The so-called ‘special relationship’ between the UK and US is effectively over after America made ‘huge’ decisions about withdrawing from Afghanistan without consulting Britain, a leading Conservative has claimed.
Tobias Ellwood, chairman of the Commons defence committee and a former soldier, said many fellow MPs shared his fury at US president Joe Biden for his alleged strategic mistakes and for ignoring the UK’s ‘thought leadership’.
He told Times Radio: ‘There’s been a demise in the special relationship.
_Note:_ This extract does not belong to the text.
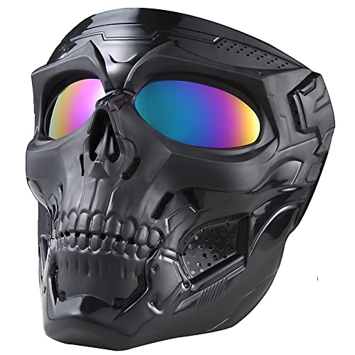 Airsoft dödskallemask heltäckande taktiska masker med PC-lins ögonskydd för paintball halloween skrämmande masker, motorcykelglasögon racing strid taktiska militära glasögon

‘Why is it that we didn’t stand up and tell the United States, “If you want to get Afghans out — you have a duty of care for these people who will be pursued by the Taliban — you don’t get your military out first, you get the civilians out, then you retreat yourselves”?’
Former prime minister Tony Blair, who involved the UK in US wars in Afghanistan and Iraq, also lashed out at Mr Biden for the ‘tragic, dangerous, unnecessary’ withdrawal.
On his website, he wrote the US had ‘little or no consultation’ with the UK.
Mr Blair said he feared Britain would now become a second-rate global power and — taking aim at Mr Biden — added: ‘We didn’t need to do it. We chose to do it.
‘We did it in obedience to an imbecilic political slogan about ending “the forever wars”.’
But critics on both sides of the Atlantic accused the former Labour leader of blaming others for his own mistakes.
US TV presenter Keith Olbermann told Mr Blair via Twitter: ‘Afghanistan is on YOUR hands, you utter ass-covering fraud.’
Meanwhile, former US president Donald Trump, who signed the withdrawal deal with the Taliban last year, called Mr Biden’s handling of the exit ‘the greatest foreign policy humiliation’ in US history.
He told a rally: ‘This was a total surrender.’ He added if he were in power ‘we could have gotten out with honour’ because the Taliban respected him.